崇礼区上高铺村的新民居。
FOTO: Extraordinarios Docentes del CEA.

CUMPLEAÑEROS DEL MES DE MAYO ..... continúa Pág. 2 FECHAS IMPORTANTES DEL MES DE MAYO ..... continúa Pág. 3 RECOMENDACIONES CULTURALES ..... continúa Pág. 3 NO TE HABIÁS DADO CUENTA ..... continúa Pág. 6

----

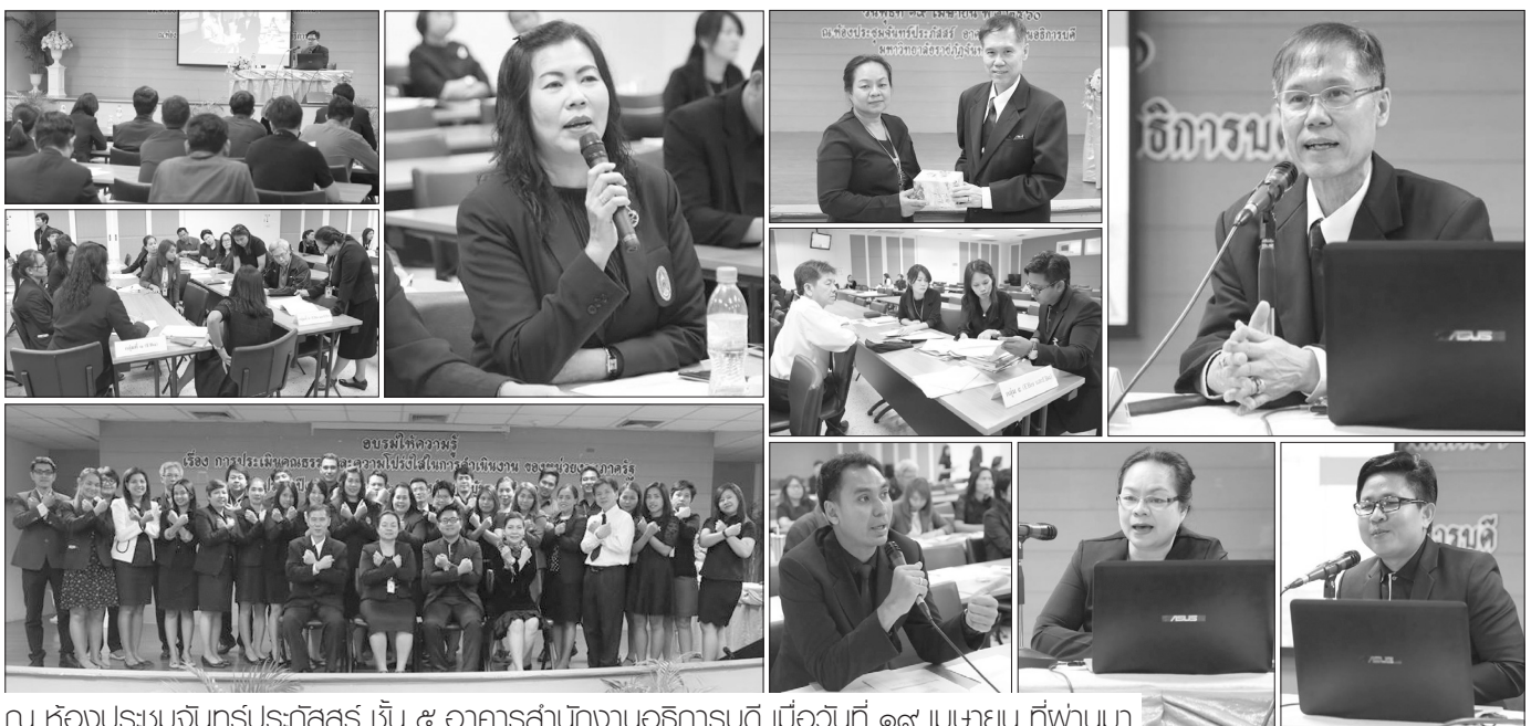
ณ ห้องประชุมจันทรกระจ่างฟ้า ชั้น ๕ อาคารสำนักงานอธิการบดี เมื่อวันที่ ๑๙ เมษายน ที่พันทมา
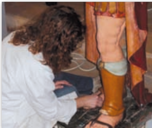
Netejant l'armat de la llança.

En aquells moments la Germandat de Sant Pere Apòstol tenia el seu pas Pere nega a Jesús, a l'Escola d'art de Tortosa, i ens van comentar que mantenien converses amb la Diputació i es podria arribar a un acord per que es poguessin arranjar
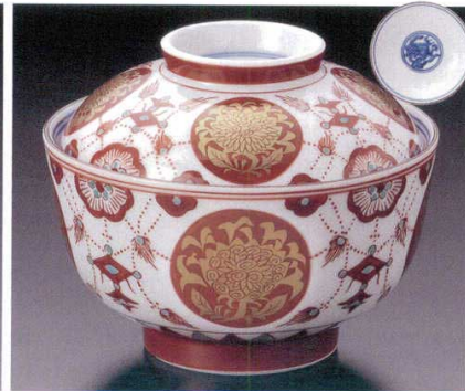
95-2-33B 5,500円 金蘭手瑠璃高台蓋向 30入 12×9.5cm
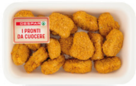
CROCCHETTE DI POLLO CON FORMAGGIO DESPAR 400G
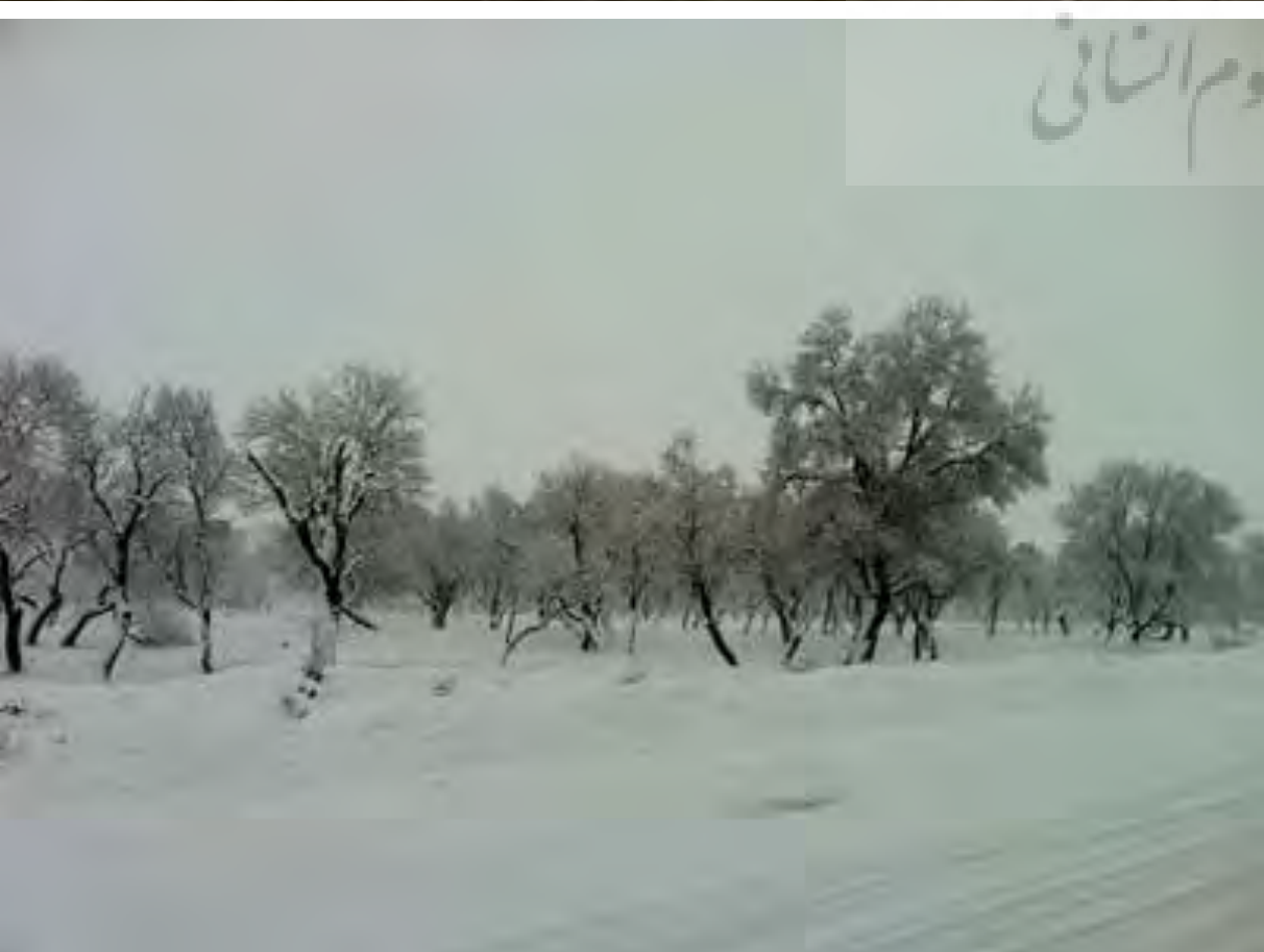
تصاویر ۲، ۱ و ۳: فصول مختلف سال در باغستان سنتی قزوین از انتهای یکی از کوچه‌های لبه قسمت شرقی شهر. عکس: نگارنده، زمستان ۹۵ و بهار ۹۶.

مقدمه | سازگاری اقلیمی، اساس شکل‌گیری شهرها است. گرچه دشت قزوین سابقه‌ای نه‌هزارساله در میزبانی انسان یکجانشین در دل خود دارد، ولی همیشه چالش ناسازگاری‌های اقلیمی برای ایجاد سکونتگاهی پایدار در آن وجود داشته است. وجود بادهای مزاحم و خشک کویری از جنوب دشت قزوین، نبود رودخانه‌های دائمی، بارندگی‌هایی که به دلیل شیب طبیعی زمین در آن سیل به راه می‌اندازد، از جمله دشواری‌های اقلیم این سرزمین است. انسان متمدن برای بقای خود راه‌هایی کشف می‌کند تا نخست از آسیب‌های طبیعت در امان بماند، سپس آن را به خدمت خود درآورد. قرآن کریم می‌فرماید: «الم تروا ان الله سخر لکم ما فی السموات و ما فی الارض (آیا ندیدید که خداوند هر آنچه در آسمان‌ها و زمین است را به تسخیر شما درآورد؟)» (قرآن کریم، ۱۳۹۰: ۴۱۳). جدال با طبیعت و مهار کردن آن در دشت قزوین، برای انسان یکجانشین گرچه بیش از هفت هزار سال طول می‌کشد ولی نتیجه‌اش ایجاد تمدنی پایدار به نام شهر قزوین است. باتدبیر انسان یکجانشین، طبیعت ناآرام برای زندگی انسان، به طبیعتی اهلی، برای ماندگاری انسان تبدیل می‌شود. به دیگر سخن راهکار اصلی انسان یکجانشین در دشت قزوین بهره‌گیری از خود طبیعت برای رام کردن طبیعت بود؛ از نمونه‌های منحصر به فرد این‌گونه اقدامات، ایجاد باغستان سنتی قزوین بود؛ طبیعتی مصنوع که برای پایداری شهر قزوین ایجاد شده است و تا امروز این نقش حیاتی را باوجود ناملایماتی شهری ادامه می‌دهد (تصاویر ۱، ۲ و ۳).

----

Task item: Within the material above, the line with "崇礼区上高铺村的新民居。" opens the range and the line with "CUMPLEAÑEROS DEL MES" closes it; reproduce that range word for word.

Reply to the task:
崇礼区上高铺村的新民居。
FOTO: Extraordinarios Docentes del CEA.

CUMPLEAÑEROS DEL MES DE MAYO ..... continúa Pág. 2 FECHAS IMPORTANTES DEL MES DE MAYO ..... continúa Pág. 3 RECOMENDACIONES CULTURALES ..... continúa Pág. 3 NO TE HABIÁS DADO CUENTA ..... continúa Pág. 6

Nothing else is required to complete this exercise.